In neurology, he wrote on multiple sclerosis. He carried out an autopsy on what may have been one of the early reported cases of myasthenia gravis, but finding no changes at autopsy signed it out “bulbar paralysis, fatal.” He pointed out that alcohol was a depressant, not a stimulant, and published an article on alcohol induced peripheral neuropathy (“alcoholic paraplegia”) in which he also described the mental symptoms of Korsakoff’s psychosis. He recognized that epilepsy was generated in the cerebral cortex, not the medulla oblongata. Thinking that epilepsy was of syphilitic origin he treated it with potassium bromide, but finding it effective began to use it all cases of epilepsy. He wrote on the differential diagnosis between syncope and epilepsy (On Falling), and also on migraine, postulating a vascular mechanism and treating it by wrapping a cold wet bandage around the head.
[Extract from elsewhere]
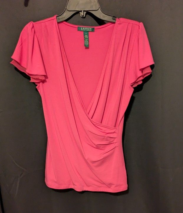 Ralph Lauren Pink Draped V Neck Top Size Small

He received many honors. He was elected to the Royal Society and to the senate of the University of London; became president of the Pathological Society and the Royal College of Physician; was Harveyan orator in 1879; was knighted; and became physician extraordinary to Queen Victoria. He lived to the old age of eighty-seven, dying a stroke in 1911, having survived at an earlier time prostate surgery and an operation for a gangrenous appendix (1904). He has been variously referred to as “the grand old man of British medicine”1 and the “most philosophical of English physicians,”2 a man who had the genius for observation, idolized by his students, beloved by his disciples, and implicitly trusted by his colleagues.3

 

References

  1. Stone, MJ. Samuel Wilks: The “grand old man of medicine”, Baylor University Medical Center Proceedings, 2010, 23(3):263.
  2. Pearce, JMS. Sir Samuel Wilks (1824-1911): The most philosophical of English physicians. European Neurology 2009, 61:119.
  3. Banerjee, AK. Samuel Wilks: a founding father of clinical science. Journal the Royal Society of Medicine, 1991, 84:44.